Functional enrichment analysis
Functional enrichment analysis of the feature genes was performed using the Database for Annotation, Visualization and Integration Discovery (http://david.abcc.ncifcrf.gov/) (18,19). P<0.5 and FDR<0.1 were set as the cut-off values to screen out significantly over-represented biological pathways.
Results
Screening for DEGs
A total of 585 DEGs were identified in FLT3/ITD mutation-positive samples from the training group, comprising 580 upregulated and 5 downregulated genes compared with those in the FLT3/ITD mutation-negative AML samples.
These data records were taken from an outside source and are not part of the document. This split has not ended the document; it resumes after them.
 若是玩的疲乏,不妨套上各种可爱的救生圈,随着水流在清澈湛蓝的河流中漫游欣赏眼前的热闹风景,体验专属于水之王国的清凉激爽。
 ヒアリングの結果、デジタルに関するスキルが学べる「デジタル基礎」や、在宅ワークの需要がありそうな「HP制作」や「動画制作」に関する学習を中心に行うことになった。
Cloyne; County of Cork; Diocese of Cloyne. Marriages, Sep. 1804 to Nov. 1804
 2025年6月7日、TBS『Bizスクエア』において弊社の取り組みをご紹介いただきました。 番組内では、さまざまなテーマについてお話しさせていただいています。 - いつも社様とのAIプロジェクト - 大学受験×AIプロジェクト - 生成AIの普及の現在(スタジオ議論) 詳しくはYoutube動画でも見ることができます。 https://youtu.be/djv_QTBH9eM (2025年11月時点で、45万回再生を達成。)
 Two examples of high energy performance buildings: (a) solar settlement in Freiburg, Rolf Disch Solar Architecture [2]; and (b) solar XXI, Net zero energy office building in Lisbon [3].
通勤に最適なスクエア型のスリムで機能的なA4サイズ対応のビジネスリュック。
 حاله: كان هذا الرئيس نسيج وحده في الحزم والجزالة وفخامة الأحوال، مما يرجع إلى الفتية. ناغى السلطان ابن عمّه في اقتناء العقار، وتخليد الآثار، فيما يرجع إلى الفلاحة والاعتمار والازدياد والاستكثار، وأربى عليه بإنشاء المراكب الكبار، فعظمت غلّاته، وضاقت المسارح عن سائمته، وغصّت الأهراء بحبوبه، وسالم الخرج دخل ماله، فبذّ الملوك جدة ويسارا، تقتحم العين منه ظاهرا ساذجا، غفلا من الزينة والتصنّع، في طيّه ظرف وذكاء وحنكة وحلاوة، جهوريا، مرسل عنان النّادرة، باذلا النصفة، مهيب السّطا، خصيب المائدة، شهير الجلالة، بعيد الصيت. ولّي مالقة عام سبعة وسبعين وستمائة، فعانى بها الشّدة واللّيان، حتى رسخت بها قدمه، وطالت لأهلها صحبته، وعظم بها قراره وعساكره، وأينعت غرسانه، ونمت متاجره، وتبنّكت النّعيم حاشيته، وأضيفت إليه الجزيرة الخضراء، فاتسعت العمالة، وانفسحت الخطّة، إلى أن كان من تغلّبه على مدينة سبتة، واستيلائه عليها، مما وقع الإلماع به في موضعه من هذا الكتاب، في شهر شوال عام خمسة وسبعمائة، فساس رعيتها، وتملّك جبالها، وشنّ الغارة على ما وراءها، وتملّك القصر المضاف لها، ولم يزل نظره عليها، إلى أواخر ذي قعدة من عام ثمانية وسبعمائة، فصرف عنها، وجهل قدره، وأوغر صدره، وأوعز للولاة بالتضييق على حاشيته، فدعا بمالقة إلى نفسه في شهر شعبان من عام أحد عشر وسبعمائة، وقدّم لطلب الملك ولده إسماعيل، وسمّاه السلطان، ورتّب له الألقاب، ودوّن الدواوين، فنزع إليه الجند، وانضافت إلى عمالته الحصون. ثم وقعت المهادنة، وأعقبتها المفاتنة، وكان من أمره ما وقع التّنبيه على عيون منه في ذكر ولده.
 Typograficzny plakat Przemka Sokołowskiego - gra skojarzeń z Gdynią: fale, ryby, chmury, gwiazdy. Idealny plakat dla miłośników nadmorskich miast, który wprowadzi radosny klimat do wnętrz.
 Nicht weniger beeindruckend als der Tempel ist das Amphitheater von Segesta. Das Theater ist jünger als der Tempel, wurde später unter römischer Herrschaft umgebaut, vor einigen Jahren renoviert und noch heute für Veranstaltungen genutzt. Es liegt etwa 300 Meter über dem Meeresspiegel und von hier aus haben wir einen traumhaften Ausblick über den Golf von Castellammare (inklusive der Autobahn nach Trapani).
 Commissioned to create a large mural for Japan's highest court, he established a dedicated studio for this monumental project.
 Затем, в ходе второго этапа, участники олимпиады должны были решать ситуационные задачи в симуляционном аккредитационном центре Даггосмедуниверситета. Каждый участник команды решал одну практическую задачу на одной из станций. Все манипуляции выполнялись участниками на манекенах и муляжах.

Sample classification using SVM or RF classifier
Classification of AML samples with regard to their FLT3/ITD mutation status depending on their gene expression profiles was performed using the SVM and RF methods (Fig. 1).
Figure 1
Classification results of acute myeloid leukemia samples using the SVM and RF methods. Classification according to the SVM method for (A) the training group, (B) the test group and (C) the combined group. Classification according to the RF method for (D) the training group, (E) the test group and (F) the combined group. SVM, support vector machine; RF, random forest; Neg, negative; Pos, positive.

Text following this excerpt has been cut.